Por supuesto la policía detiene a toda persona con rostro sospechoso de anarquista. Y el comisario Santiago hace declaraciones optimistas. Pero esa misma noche, el 16 de agosto, explota en su lujosa residencia, Rawson 944, un artefacto que lo deja sin comedor, sin los muebles de esa habitación, sin balcón y sin ventana. Después de esto, el comisario Santiago no hará más declaraciones a los periodistas. Santiago pasó a la historia por inventar el suplicio llamado “pileta” para hacer hablar a los detenidos. Es decir, sumergirle la cabeza en una pileta de agua, hasta el límite.
Pero llegará la noche de la ejecución de los dos héroes, en Charlestown. Buenos Aires siguió ante las pizarras de los diarios, paso a paso, la ejecución de los dos inocentes. Hasta que apareció escrito: “Fueron ejecutados, primero Sacco, luego Vanzetti. Antes de morir gritaron: ¡Viva la Anarquía!”.

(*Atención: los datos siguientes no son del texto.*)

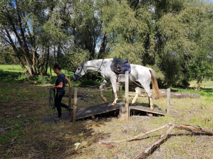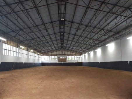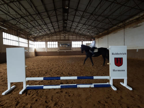 Reitanlage große Reithalle, Dressur- und SpringplatzRoundpen Aktivtrail mit Wassergrabenlauf, Wippe, Brücke, Naturkletterhügel, Natursprünge, versch. Untergrundlaufflächen, insg. 4 Bahnen zum Training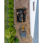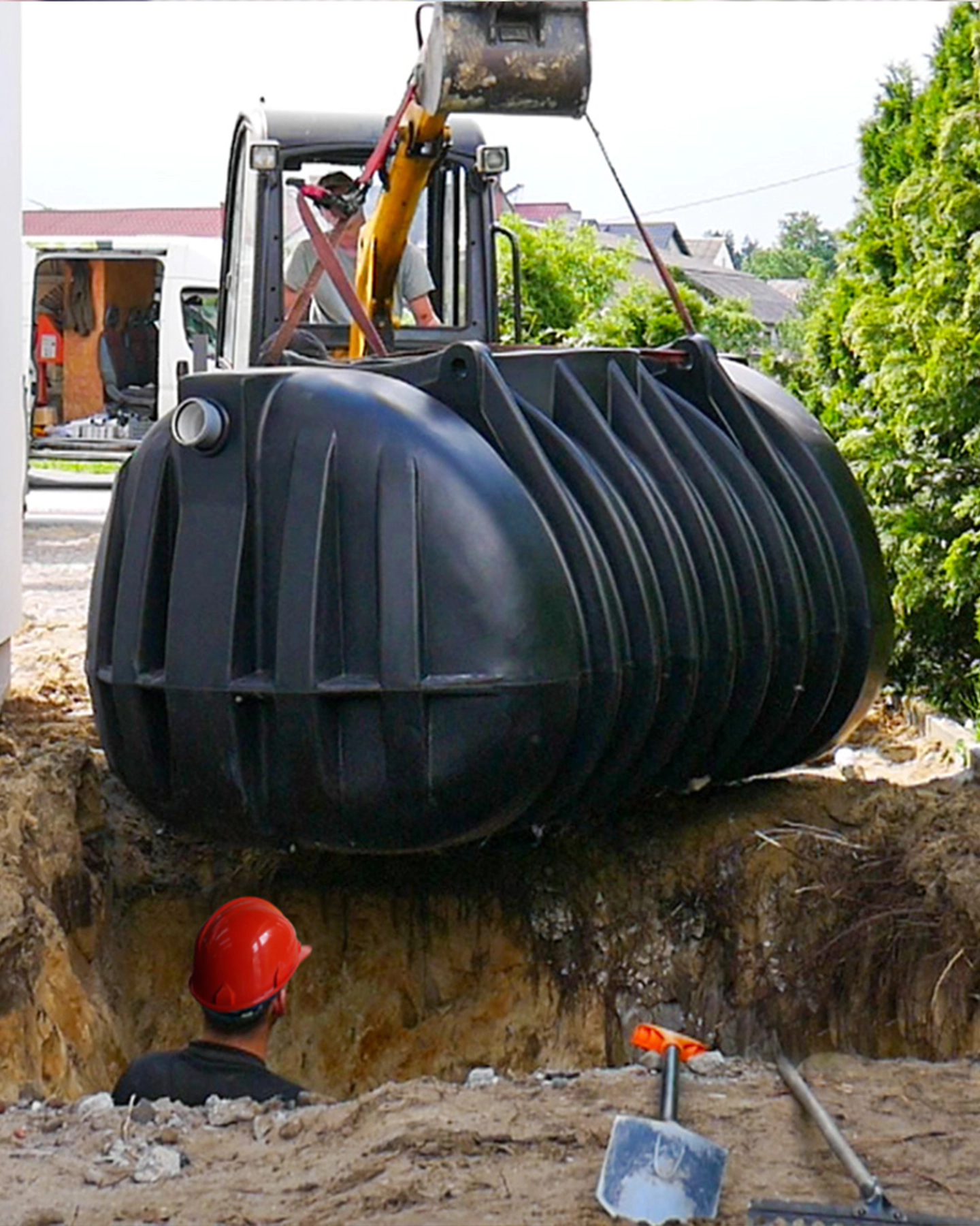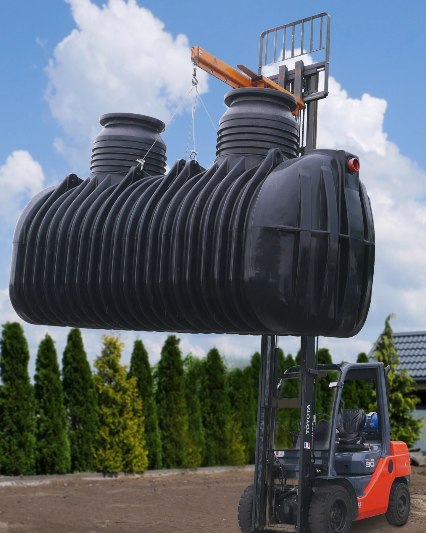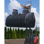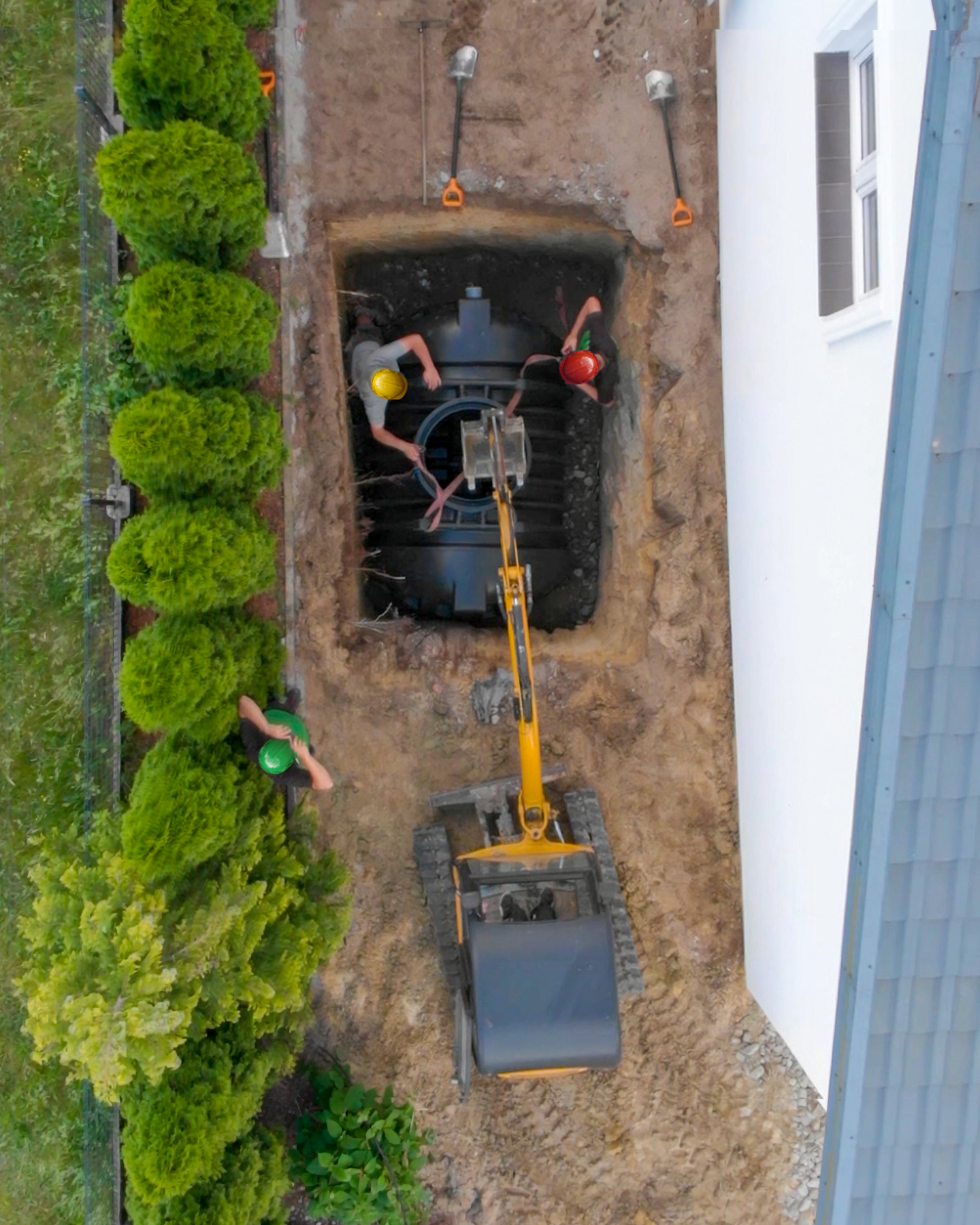 System stanowi monolityczny zbiornik. Woda deszczowa zbierana jest z dachu poprzez system rynnowy, a następnie doprowadzana rurą spustową do zbiornika.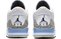 PRODUCT INFORMATION Model No: CT8532-104 Closure: Lacing Release Date: 2020-03-06 Upper Material: Leather Thickness: Regular Sole Style: Retro Colorway: White/Valor Blue/Tech Grey Heel Type: Flat heel Toe Type: Round Toe Upper: High Top Sole Material: Rubber Sole Season: All Season Color: blue Series: Air Jordan 3 Nickname: UNC Occasion: lifestyle This year, Michael Jordan's alma mater, UNC, will be getting its own special Air Jordan 3 Retro. The shoe will feature dual-textured leather on the upper in UNC's signature colors of blue and white. The eye stays and elephant print panels will also be done in UNC's colors. And of course, the Jumpman logos on the tongue and heel will be in UNC's Valor Blue. The shoe will be completed with a visible Air unit in the midsole and a rubber outsole.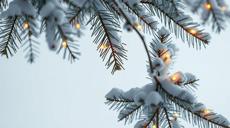 A serene winter scene featuring a snow-covered pine branch and soft bokeh lights.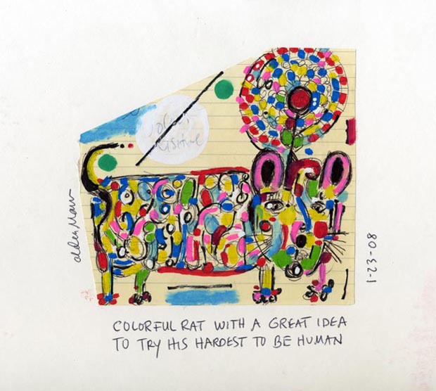 Colorful Rat With a Great Idea 2008. 7 3/4 x 10 1/2" enamel pen, whiteout, sharpie and pencil on lined paper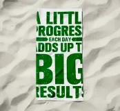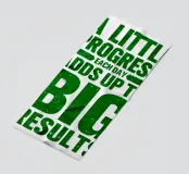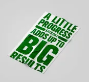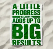 "Arte tipografica d'ispirazione con la frase 'A LITTLE PROGRESS EACH DAY ADDS UP TO BIG RESULTS' (Un piccolo progresso ogni giorno porta a grandi risultati) in grassetto verde, con caratteri rovinati su uno sfondo bianco pulito, che trasmette un messaggio di perseveranza e realizzazione!",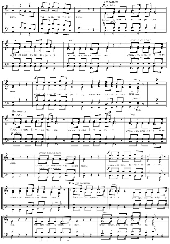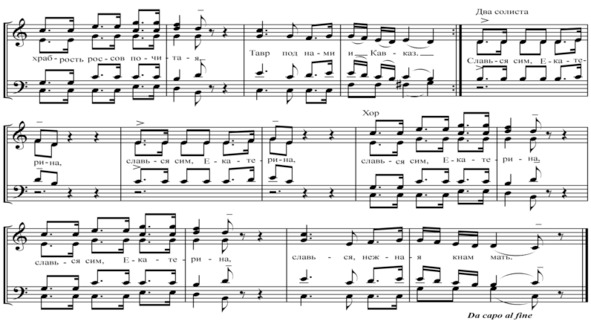 Гром победы, раздавайся!Веселися, храбрый росс!Звучной славой украшайся:Магомета ты потрёс!Славься сим, Екатерина,Славься, нежная к нам мать.Воды быстрые ДунаяУж в руках теперь у нас.Храбрость россов почитая,Тавр под нами и Кавказ.Уж не могут орды КрымаНыне, рушить наш покой.Гордость низится СелимаИ бледнеет он с Луной.Зри, премудрая царица,Зри, великая жена,Что твой взгляд, твоя десница —Наш закон, душа одна.Зри на блещущи соборы,Зри на сей прекрасный строй.Все сердца тобой и взорыОживляются одной.Славься сим, Екатерина,Славься, нежная к нам мать!6. Звучит гимн «Гром победы, раздавайся»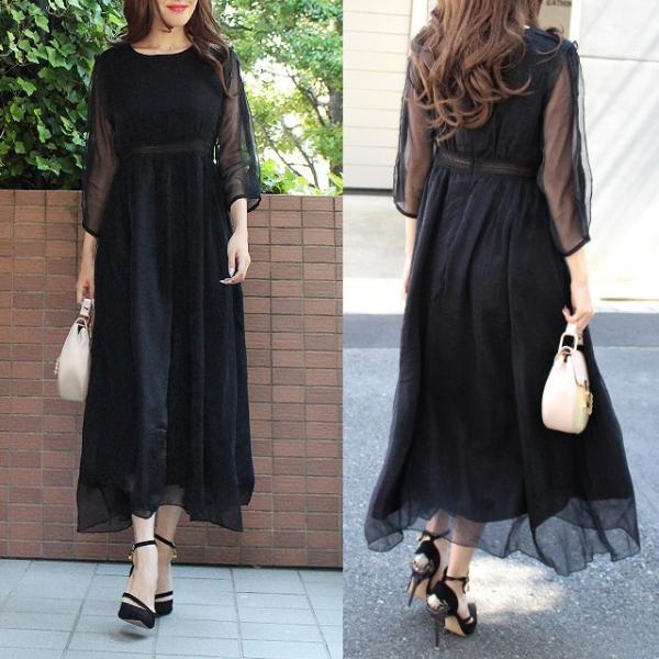 マキシワンピースを使った2018年夏に人気おすすめのリゾートコーデ、9つ目は大人エレガントマキシワンピースコーデです。黒色だと大人っぽさも際立ちます。まるでドレスのようなエレガントで上品なスカート部分が特徴的なマキシワンピースを使っています。バッグやシューズも大人っぽく、ゴージャスな雰囲気です。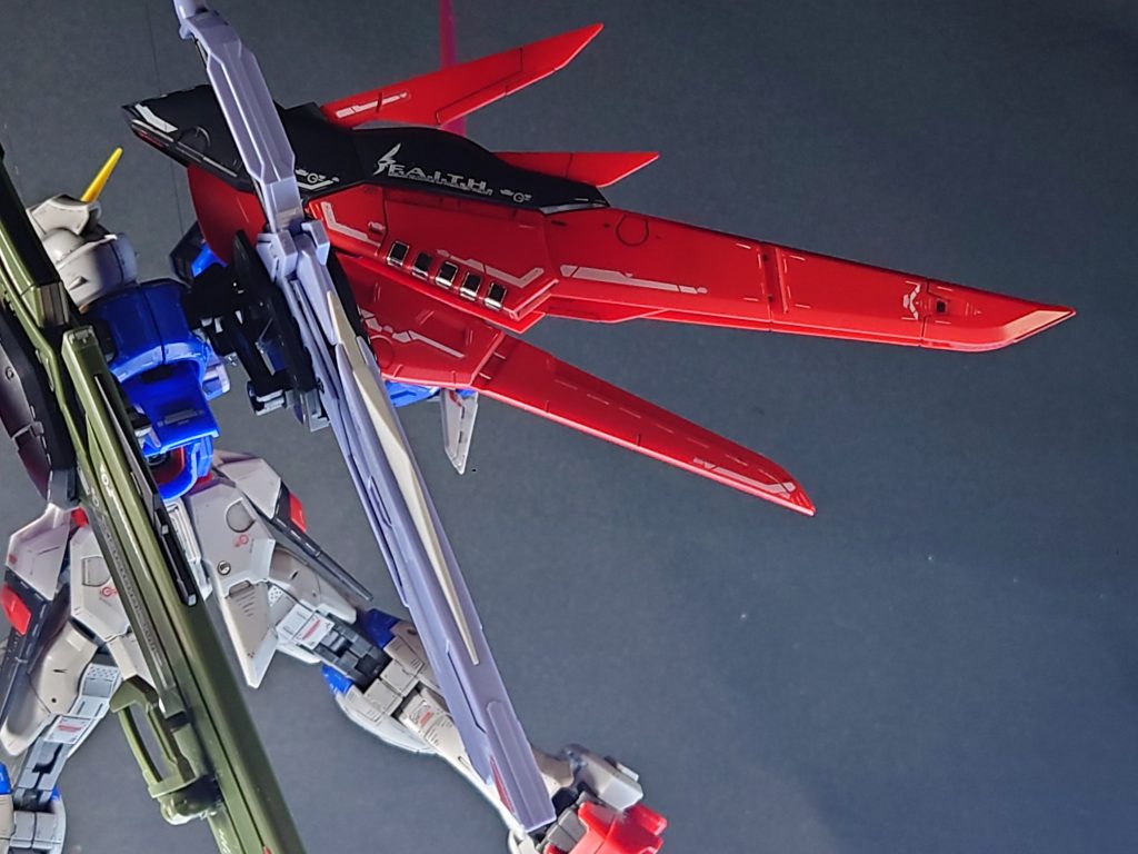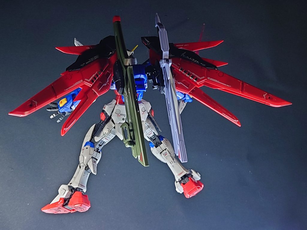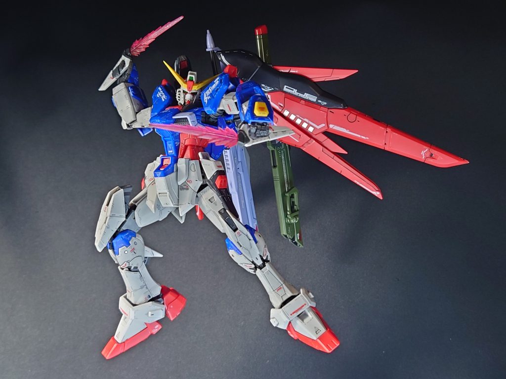 ディティールアップはしましたが、無塗装で墨入れと付属シールで仕上げました。RGなので元よりディティールが細かいですが、どちらかというとフレームによる可動を表現するための装甲分割ですね。装甲面が割とシンプルだったので、1装甲に1ディティール追加するようなかんじにしてます。

Buenos Aires vivió ese día la ira del pueblo. El paro fue general, ordenado por las centrales obreras. Todo el día explotaron petardos como gritos de furiosa protesta, manifestaciones, enfrentamientos con la policía. Como símbolo quedó un tranvía quemado en el centro de Buenos Aires.
El diario anarquista Cúlmine dirá: “Debemos oponer nuestros instrumentos vengadores que quemarán los mil tentáculos monstruosos de la fiera vampírica que envuelven todos los senderos de la tierra. Nuestra dinamita purificará los lugares que la maldita casta del dólar ha apestado”.
Seguirán los atentados, dos de ellos al CitiBank y al Banco de Boston.
Y volvemos al principio: no hay violencia de abajo cuando primero no hay violencia de arriba.